History
The Camaldolese were established through the efforts of the Italian monk Saint Romuald (ca. 950– ca. 1025/27) at the start of the second Christian millennium. His reform sought to renew and integrate the eremetical tradition of monastic life with that of the cenobium.
In his youth Romuald became acquainted with the three major schools of western monastic tradition. The monastery where he entered the Order, Sant' Apollinare in Classe was a traditional Benedictine community under the influence of the Cluniac reforms. Romuald chose to be under a spiritual master, Marinus, who followed a much harsher ascetic and solitary lifestyle that was originally of Irish eremitical origins. Some years later, Marinus and Romuald settled near the Abbey of Sant Miguel de Cuxa, where Abbot Guarinus was also beginning reforms but was building mainly upon the Iberian Christian tradition.
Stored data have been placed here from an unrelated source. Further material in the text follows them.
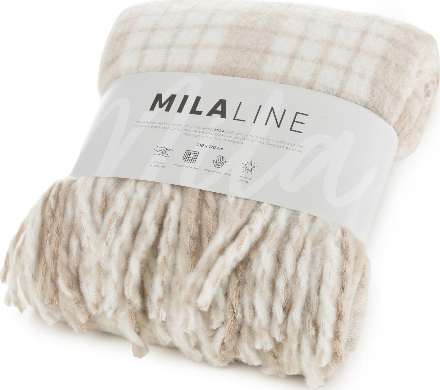 Eurofirany Koc na fotel moherowy z frdzlami 130X170 beowy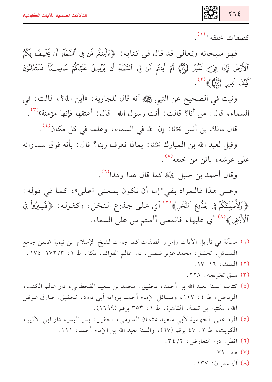 (¬١) مسألة في تأويل الآيات وإمرار الصفات كما جاءت لشيخ الإسلام ابن تيمية ضمن جامع المسائل، تحقيق: محمد عزير شمس، دار عالم الفوائد، مكة، ط ١: ٣/ ١٧٢ - ١٧٤.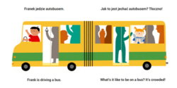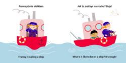 W tej części serii ćwiczymy wyrażenia związane z poruszaniem się różnymi środkami lokomocji oraz pytaniami o wrażenia z podróży „Jak to jest…?”. Wprowadzone są nazwy pojazdów oraz czynności takie jak: kierowanie, jechanie, pływanie, latanie oraz przysłówki określające wrażenia z podróży. Dzieci widzą Franka, Franię i Felixa w różnych pojazdach – takich na co dzień oraz tych fascynujących (zwłaszcza chłopców) jak koparka, w której jest głośno, łódź podwodna, która jest głęboko czy statek, na którym buja. Czy Felixowi podoba się na statku? O tym można się przekonać, zaglądając do książki.

Later drawing on his various early experiences, Romuald was able to establish his own monastic pattern, though he himself never thought of it as a separate unit, seeing it as a full part of the Benedictine tradition.
A thousand years ago, Saint Romuald founded the Sacred Hermitage of Camaldoli. There are Camaldolese hermitages and monasteries throughout Italy. The most ancient is the urban monastery originally established by Saint Gregory the Great in the heart of Rome in the sixth century.